Lufussa supports a variety of charitable activities in Honduras. In terms of environmental protection, Lufussa is involved in the Honduran national reforestation program, and sea turtle conservation in the Gulf of Fonseca.

In 2016, Lufussa delivered 200,000 trees to the Honduran government as part of the reforestation program. In June 2017, Lufussa entered into an agreement with the Mayor of El Picacho to deliver a new municipal nursery to the city, with the necessary resources to produce an additional 112,000 trees per year for reforestation in the district.
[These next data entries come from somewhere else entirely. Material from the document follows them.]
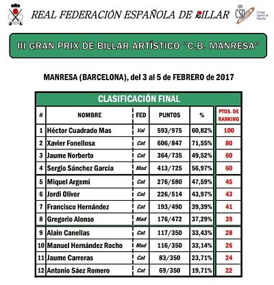 El III Gran Premio de Artístico congregó en Manresa durante el fin de semana a 12 jugadores de la modalidad de Artístico. Héctor Cuadrado resultó vencedor tras imponerse en la final a Xavier Fonellosa (3-2) en un choque intenso y muy reñido. Sergio Sánchez y Jaume Norberto acompañaron en el podio a los finalistas. Un póker de ases que deleitó a los aficionados y que fue superior al resto de competidores.
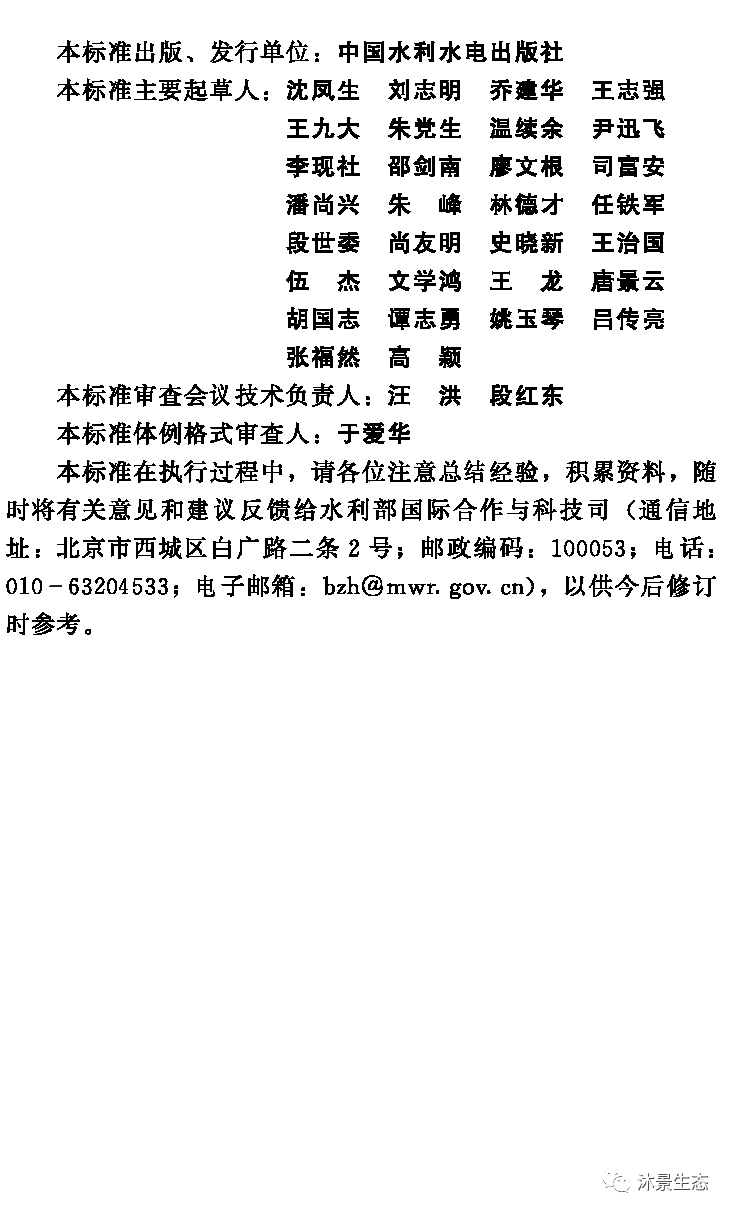 本标准在执行过程中,请各位注意总结经验,积累资料,随时将有关意见和建议反馈给水利部国际合作与科技司(通信地址:北京市西城区白广路二条2号;邮政编码::100053;;电话:010 - 63204533;电子邮箱: bzh@mwr. gov. cn),以供今后修订时参考。
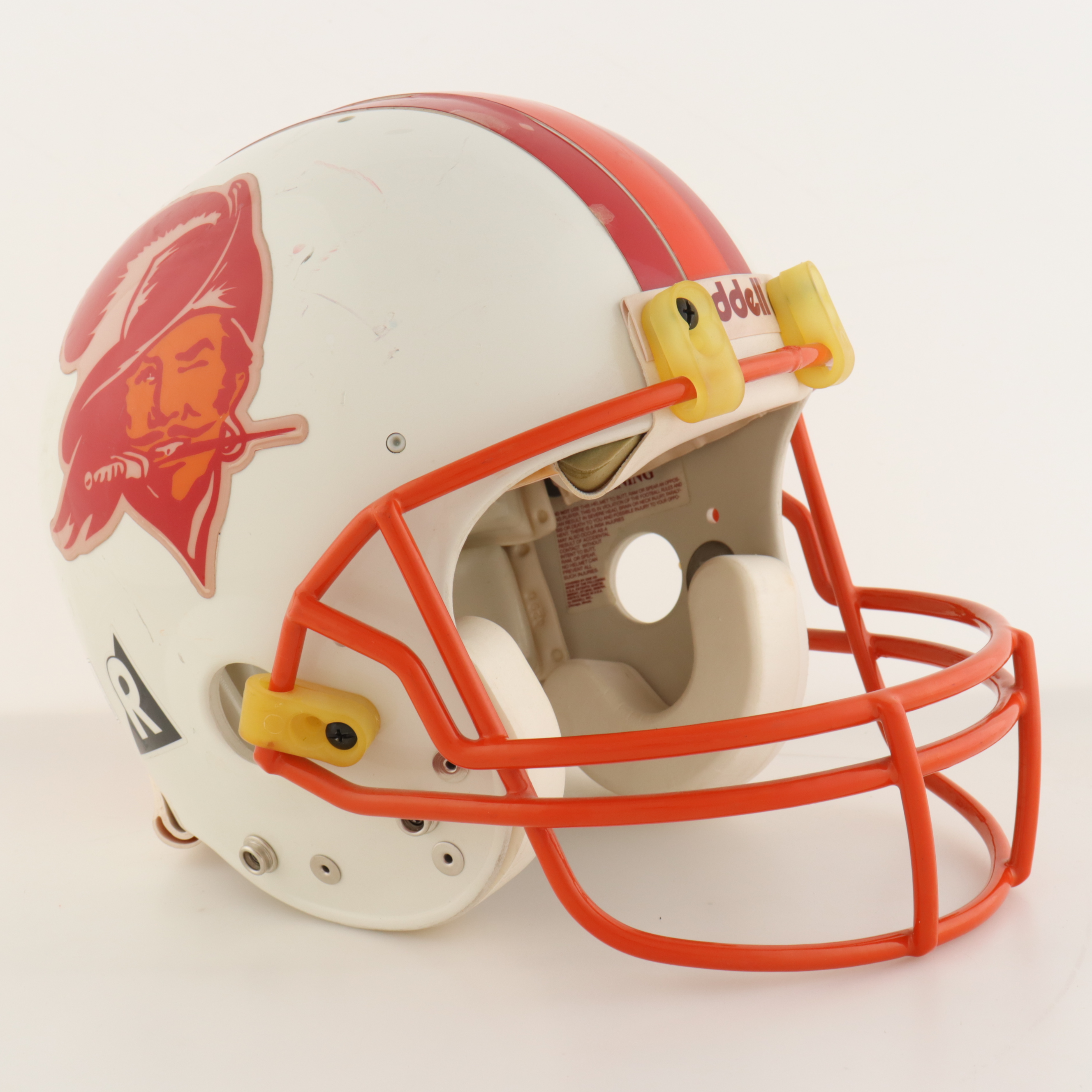 Riddell Tampa Bay Bucaneers full-size authentic on-field Throwback Alternate helmet. Please note, the helmet is unsigned and the helmet shows natural signs of wear.
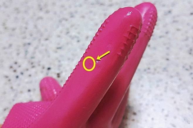 평소처럼 설거지를 하는데 물이 새는 것 같더라고요. 고무장갑에 바람을 빵빵히 넣어 확인해 보니 미세하게 구멍이 나있는데요. 한쪽은 멀쩡하니 그냥 버리기 아깝죠
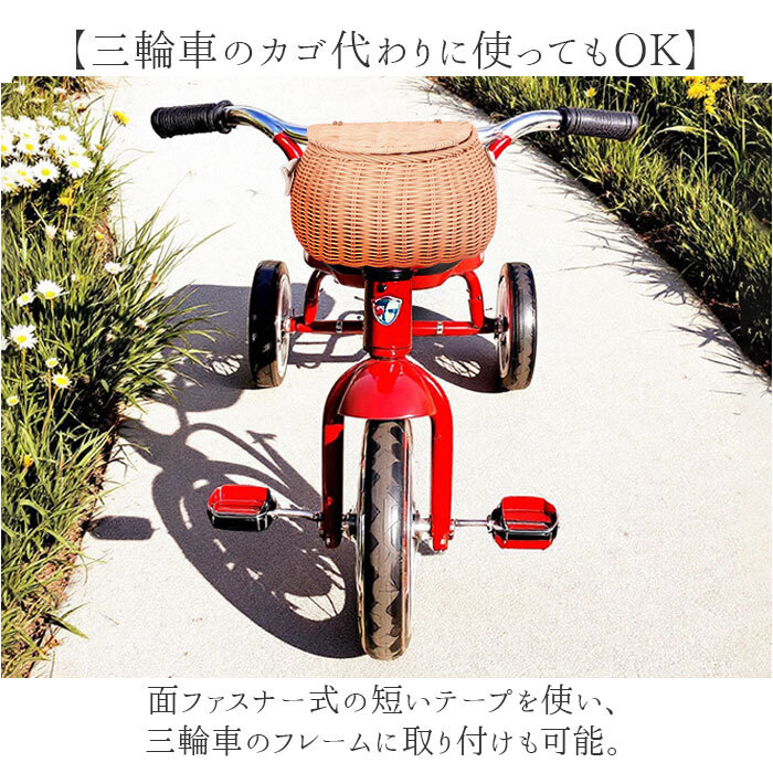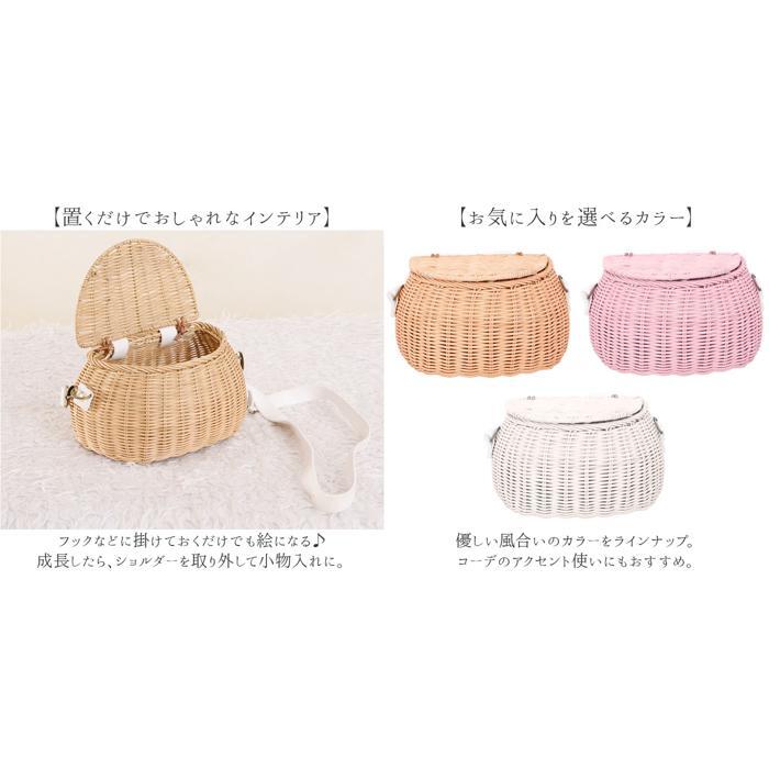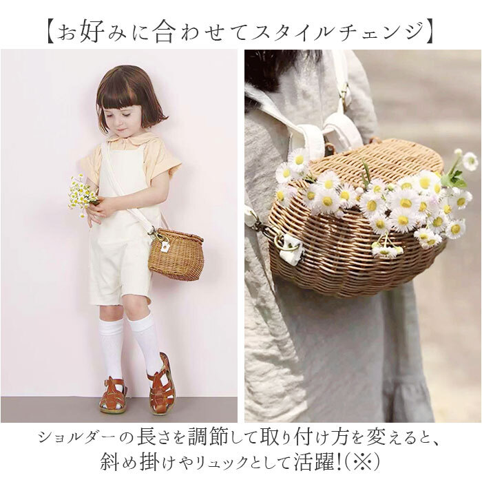 商品説明 | ・・【用途を変えて楽しめるアイテム】 ・使い方いろいろ!大きくなっても長く楽しめる「キッズ用カゴバッグ」。 ・【ナチュラルな雰囲気たっぷり】 ・柳素材などを使い、自然な質感を残したカゴバッグ。ころんと可愛らしい、ミニサイズ。 ・【お好みに合わせてスタイルチェンジ】 ・ショルダーの長さを調節して取り付け方を変えると、斜め掛けやリュックとして活躍! ・(※)ショルダーは取り外し可能です。リュックとして使用する場合、動くとフタが開いてしまう可能性もあるため、ご注意ください。 ・【三輪車のカゴ代わりに使ってもOK】 ・面ファスナー式の短いテープを使い、三輪車のフレームに取り付けも可能。 ・【置くだけでおしゃれなインテリア】 ・フックなどに掛けておくだけでも絵になる♪成長したら、ショルダーを取り外して小物入れに。 ・【お気に入りを選べるカラー】 ・優しい風合いのカラーをラインナップ。コーデのアクセント使いにもおすすめ。 |

With respect to sea turtle preservation, Lufussa has supported this effort since 2011, and in 2016 the company delivered 675 meals to volunteers securing sea turtle eggs at camps in Punta Ratón, Boca de Rio Viejo, Cedeño and Carretales.

===Community development===
In support of the Honduran community, Lufussa supports construction efforts in cooperation with the non-governmental organization Honduras Outreach Inc. (HOI), and a medical brigade to serve low-income people in northern Honduras, also including the Choluteca region. In 2016, Lufussa's volunteer force and HOI brigaders built 2 latrines and 3 bathrooms, installed concrete floors in 7 houses, and installed 2 eco-stoves in the communities of Guanacastillo, El Tambor and Aguacaliente, in the south of the country. They also provided more than 50 complete sets of bedding to the Regional Hospital del Sur. Since 2011, Lufussa has also carried out "Healthy Homes" Program in the communities of El Tambor, Guanacastillo, Pavana Center and Aguacaliente, remodeling 167 homes by changing earth floors to finely finished cement, thereby reducing incidences of disease. The medical brigade, with the participation of 29 American doctors acting in coordination with Lufussa volunteers, has treated hundreds of people in Pavana Centro and Guanacastillo. Since December 2014, Lufussa has organized an annual city marathon in Choluteca, Honduras, with the objective of raising funds for charitable causes in the area. In 2014, 150 thousand lempiras were raised for the Hospital del Sur, and in 2015 a donation of 175 thousand lempiras was made to the "Enrique Elizalde" School for the Blind.